When you visit www.doylecollection.com we collect information about your computer and assign you a ‘cookie’ (a small, unique identifier text file) which is sent by our website to your web browser and remains on your computer until deleted. You do not provide this information – it is collected automatically as a means of supporting your visit to our website. This cookie does not contain any information that can identify you. You can always choose to not receive a cookie file by enabling your Web browser to refuse cookies or prompt you before accepting a cookie. For more information on how to adjust your browser’s cookie settings, or to find out more information on specific cookies and how to disable them, please click here. Please note however that disabling cookies may restrict your use of The Doyle Collection website.

In addition, we create a unique Session ID for each visit to www.doylecollection.com.  Session ID cookies may be used by Doyle Collection to track a user’s preferences while navigating the website.
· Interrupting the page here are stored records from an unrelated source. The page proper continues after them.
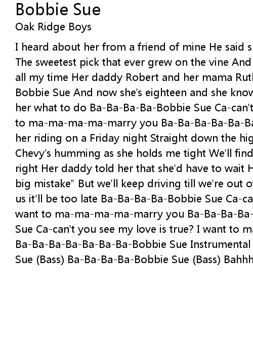 I heard about her from a friend of mine He said she lives across the county line The sweetest pick that ever grew on the vine And now that's where I'm spending all my time Her daddy Robert and her mama Ruth They had a daughter name of Bobbie Sue And now she's eighteen and she knows the truth Nobody's gonna tell her what to do Ba-Ba-Ba-Ba-Bobbie Sue Ca-can't you see my love is true? I want to ma-ma-ma-ma-marry you Ba-Ba-Ba-Ba-Ba-Ba-Ba-Bobbie Sue Instrumental I'll take her riding on a Friday night Straight down the highway in the clear moonlight My Chevy's humming as she holds me tight We'll find a preacher and we'll do it right Her daddy told her that she'd have to wait Her mama said, "Don't make a big mistake" But we'll keep driving till we're out of state And when they find us it'll be too late Ba-Ba-Ba-Ba-Bobbie Sue Ca-can't you see my love is true? I want to ma-ma-ma-ma-marry you Ba-Ba-Ba-Ba-Ba-Ba-Ba-Bobbie Sue Ba-Ba-Ba-Ba-Bobbie Sue Ca-can't you see my love is true? I want to ma-ma-ma-ma-marry you Ba-Ba-Ba-Ba-Ba-Ba-Ba-Bobbie Sue Instrumental (Bass) Ba-Ba-Ba-Ba-Ba-Ba-Ba-Bobbie Sue (Bass) Ba-Ba-Ba-Ba-Bobbie Sue (Bass) Bahhhhhhhhhhbie Sue |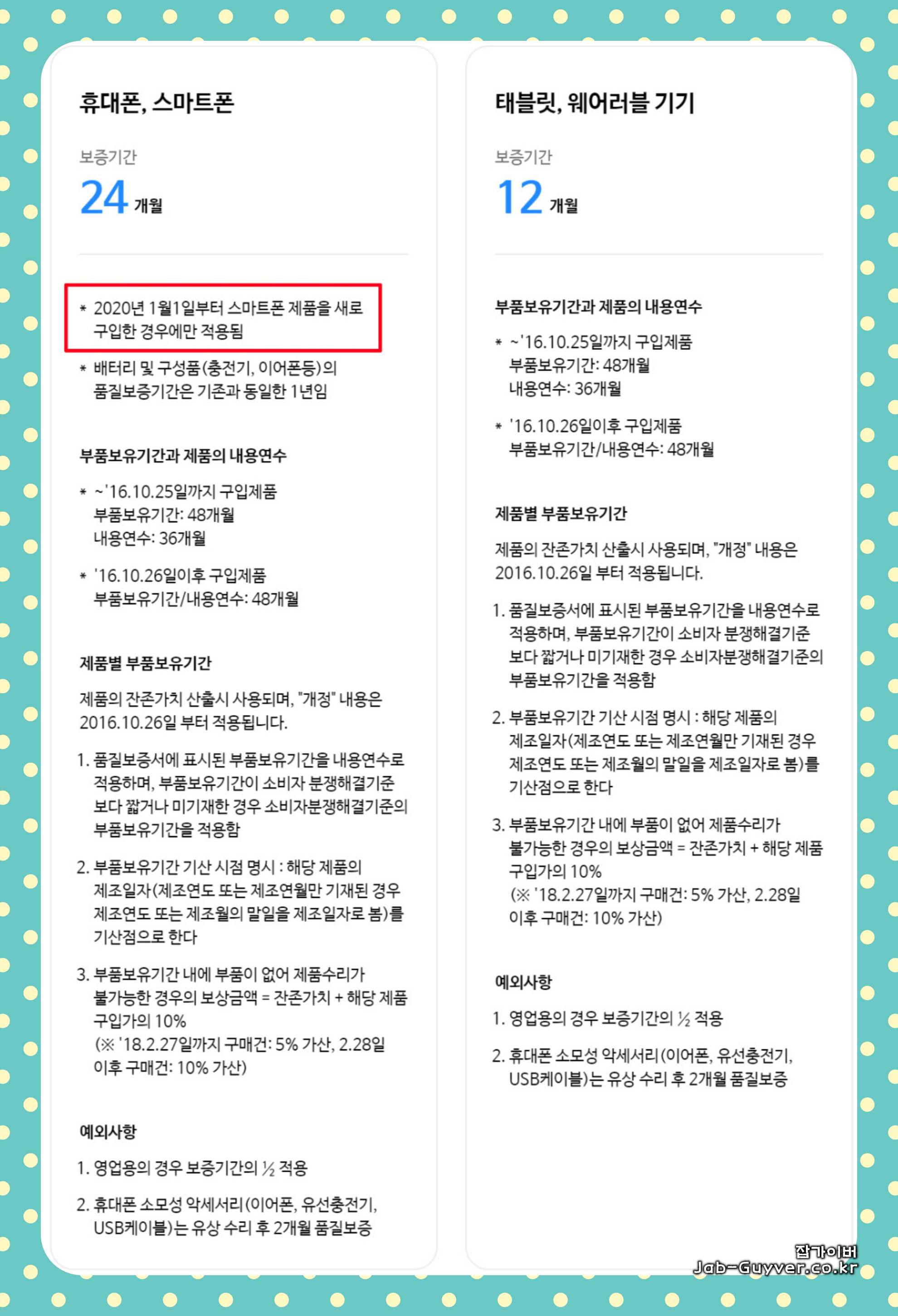 2020년 1월 1일부터 시행된 법률에 따라, 갤럭시 휴대폰의 무상 보증 기간이 2년으로 연장되었습니다.
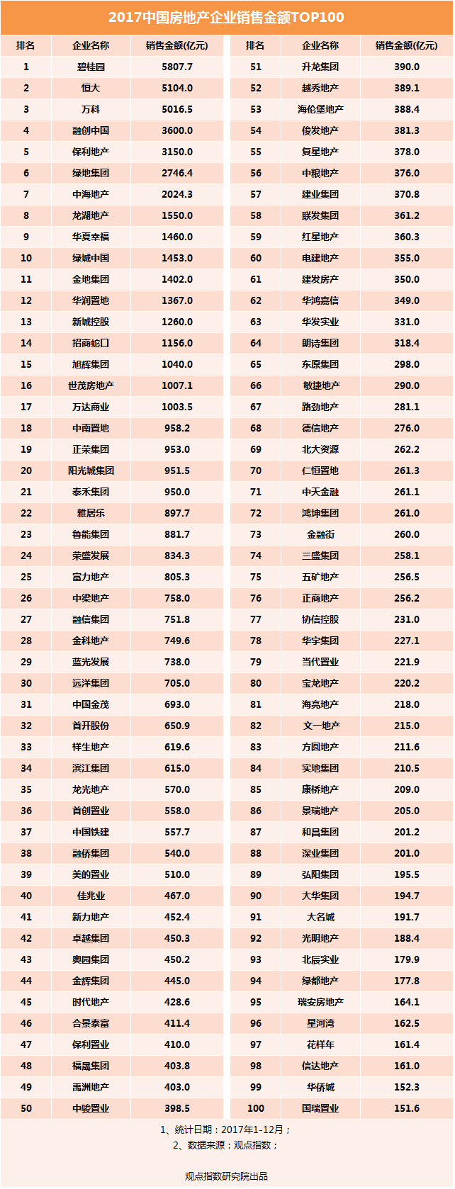 觀(guān)點(diǎn)指數(shù)·2017中國(guó)房地產(chǎn)企業(yè)銷(xiāo)售金額TOP100榜入榜100家企業(yè),全部均已達(dá)標(biāo)百億,最低金額超過(guò)150億。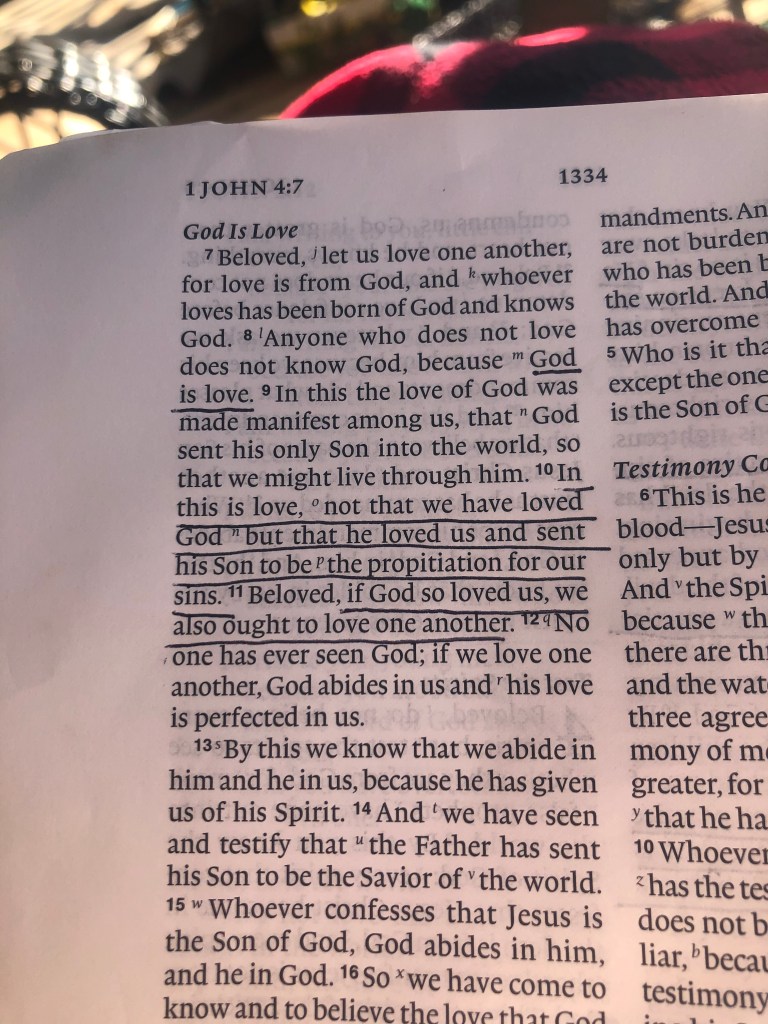 “In this is love, not that we have loved God but that HE loved us and sent His Son to be the propitiation for OUR sins. Beloved, if God so loved us, we also ought to love one another.” – I John 4:10-11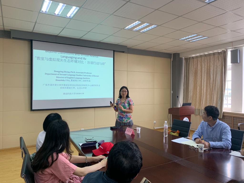 6月18日下午,美国夏威夷大学二语研究系教授,博士生导师郑东萍应我院邀请,在外语楼517会议室做了题为《教室与虚拟现实生态环境对比:言语行动与续》的报告。报告会由院长尹洪山教授主持,院长助理刘靖及部分教师和研究生参加了报告会。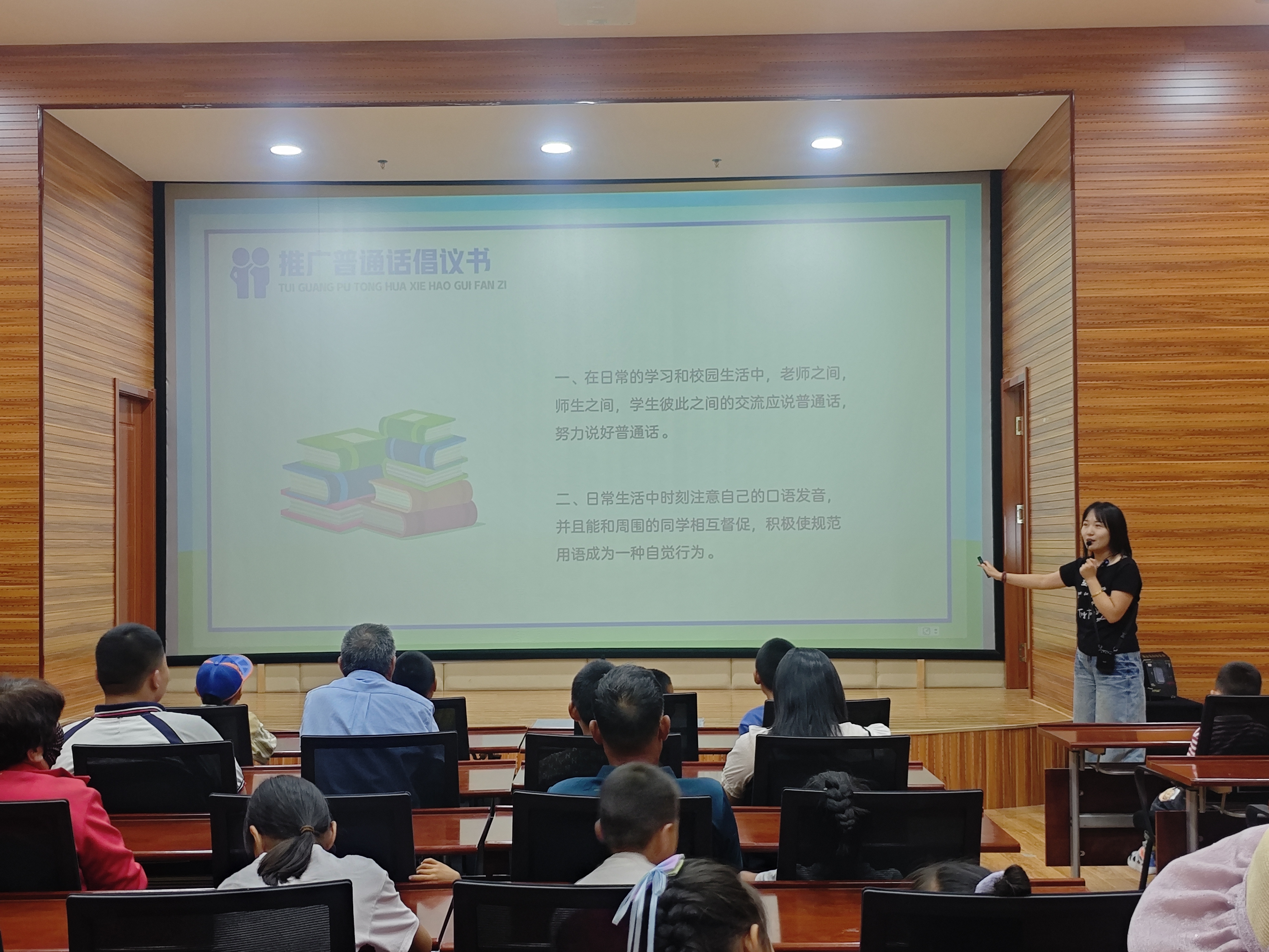 展教员组织家长与小朋友共同观看推普宣传视频,让孩子们了解语言规范的重要性和推普周的由来与发展,并阐释普通话作为国家通用语言的重要意义。为增强理解,现场还特别设置“方言小课堂”——邀请小朋友尝试用方言表达同一句话,在趣味对比中直观感受普通话在沟通上的便利性与通用性,通过活动理解说普通话的重要性。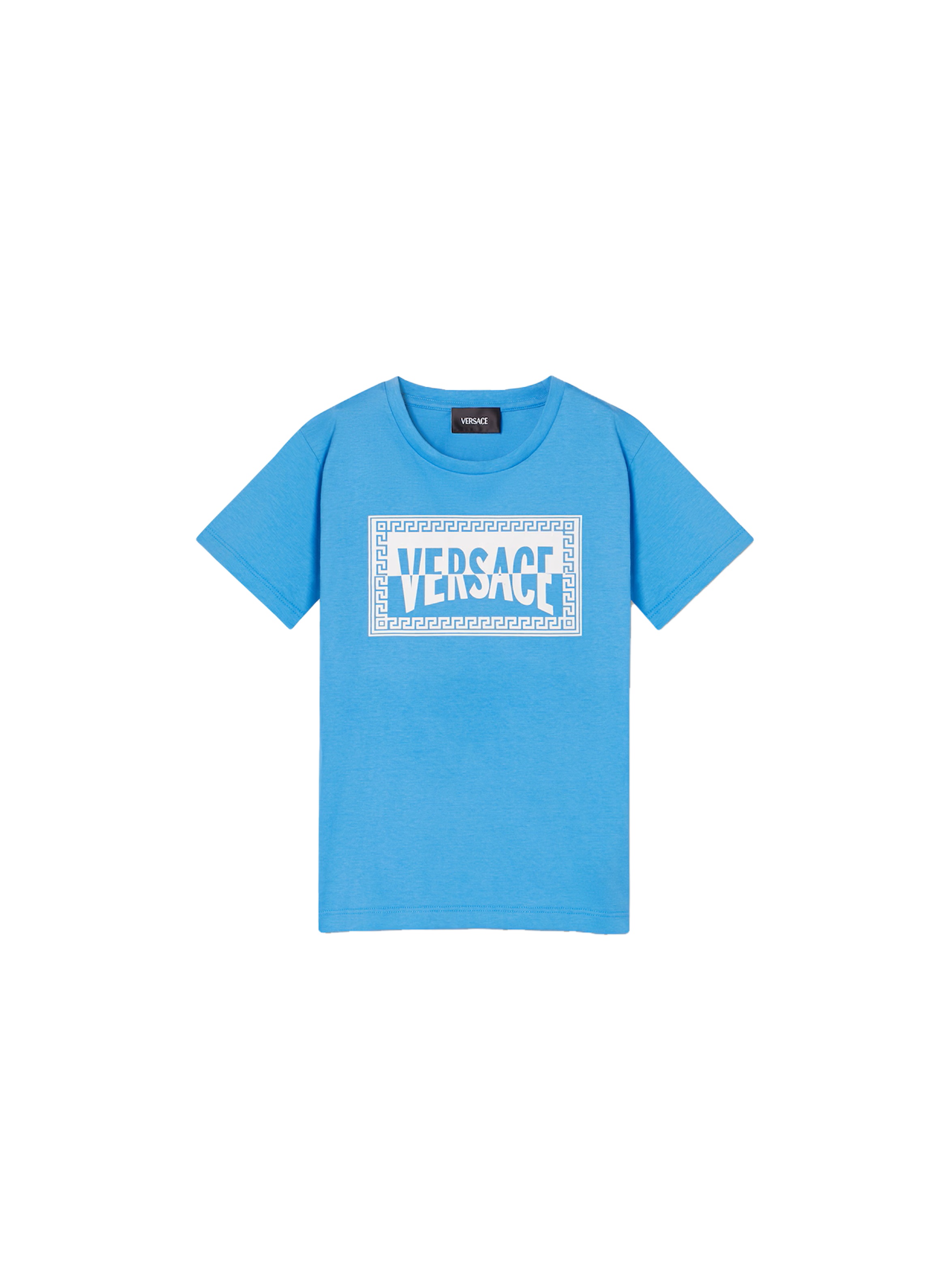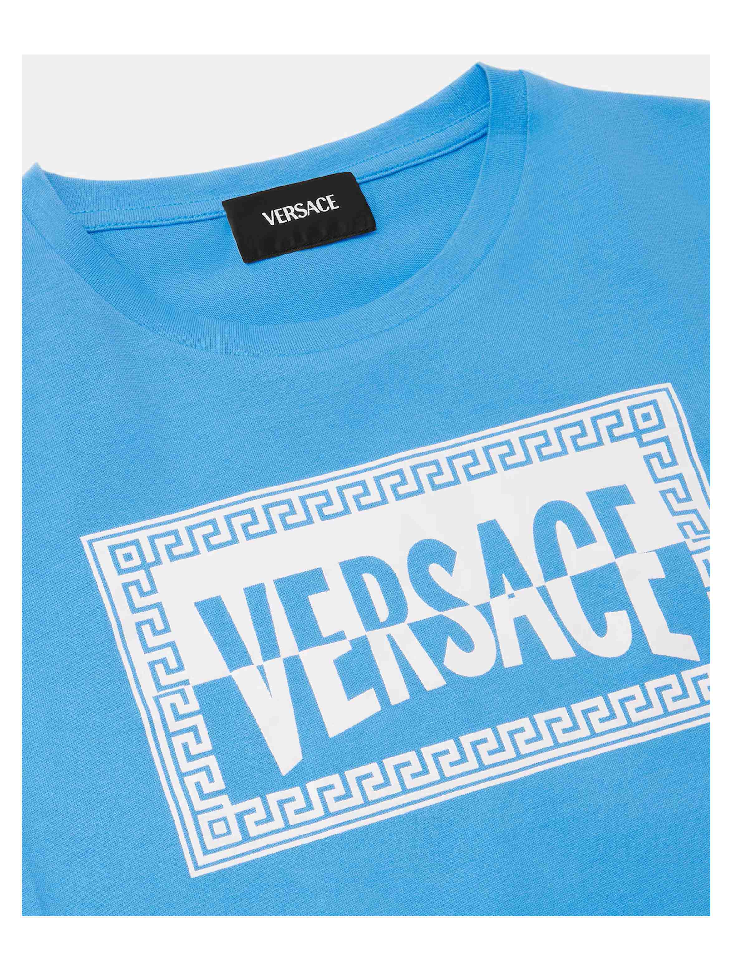 T-shirt a maniche corte in confortevole jersey di cotone, con scollo rotondo, a tinta unita e con maxi grafica Etichetta Club con logo bicolor sul davanti. Per un look casual e trendy. VERSACE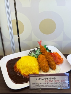 ボリューム満点なミックスフライプレートです! (花咲オムライス、海老フライ1尾、蟹クリームコロッケ、ナポリタン、サラダ)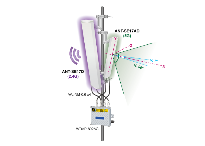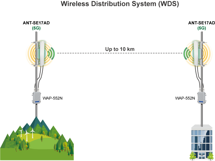 As the ANT-SE17AD can effectively enhance the performance and coverage of the 802.11ac 5GHz environment, it is also quite suitable for outdoor wireless LAN applications, such as point-to-point connection between the warehouses.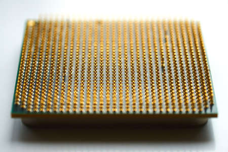 Closeup of CPU pins, gold connectors for central processing unit on personal computer. Computing technology
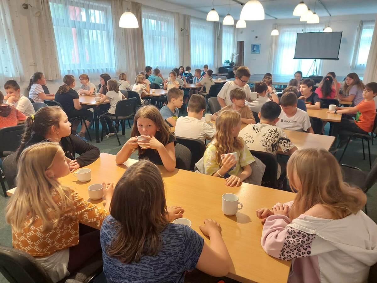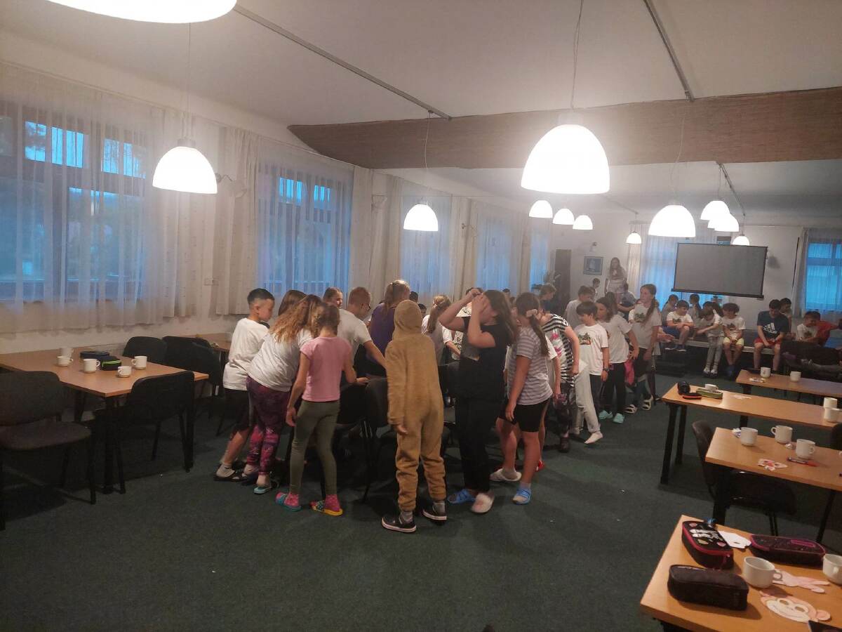 Včera jsme v pořádku dorazili do hotelu Atlantida, který se nachází ve Staré Živohošti u přehrady Slapy. Ubytovali jsme se do útulných pokojů, vybalili jsme si a šli na oběd. Po poledním klidu jsme se přivítali s našimi animátory, kteří nám přivezli krásná trička. Zažili jsme spousty aktivit, různého zaměření, i přes nepřízeň počasí jsme vyrazili na chvíli ven. Ráno jsme se probudili do nedeštivého dne, tak jsme hned po snídani vyrazili na průzkum okolí a do lesa stavět domečky pro lesní skřítky. Už se těšíme na odpolední program plný zábavných činností.

Session ID cookies last for the duration of your visit to our website and are deleted at the end of your session.

Cookie

Name

Purpose

asj_anonymous_id
 asj_group_id
 asj_user_id
 skip_avail_call
 eZSESSID
 ServerID
 is_logged_in
 currency
 skip_aval_call

Sitewide Cookies

These cookies are essential for the functionality of the website to identify preferences of your session.

_ga
 _gat
 _gid
 _utma
 _utmb
 _utmc
 _utmt
 _utmz

Google Analytics

These cookies are essential for our site to anonymously track user behaviour so that we can better understand and improve upon current user experience.

_uetsid

Bing Ads

This cookie is used to measure the impact of Bing Advertising campaigns.

_vwo
 _vis_uuid
 _vis_opt_X

Visual Web Optimiser

These cookies are used to allow split testing of new functionality, design and content in order to continually test & improve the website’s user experience

_hjIncludedInSample

HotJar

These cookies are used to run heatmapping software that allows us to see where users click on the site, so that we can continually test & improve the website’s user experience

hc_session

HotelChamp

This cookie allows us to overlay relevant information on website pages, such as price comparisons with other distributors, promotional offers, and statistics about booking availability & usage

Disclosure to third parties

We may disclose your personal data to third parties who provide a service to us and to other companies within The Doyle Collection; or in the event that we sell any business or assets, in which case we may disclose your Data to the prospective buyer of such business or assets; or if we are under a duty to disclose or share your personal data in order to comply with any legal obligation, or to protect our rights, property, or safety of staff or customers.

Sharing Data

We will only pass your personal data to our business partners, to fulfil your requirements, improve our services or where we are required to do so by law. These include your company or travel agents involved in your booking, customer satisfaction surveys, loyalty scheme providers, email marketing provider use only by The Doyle Collection.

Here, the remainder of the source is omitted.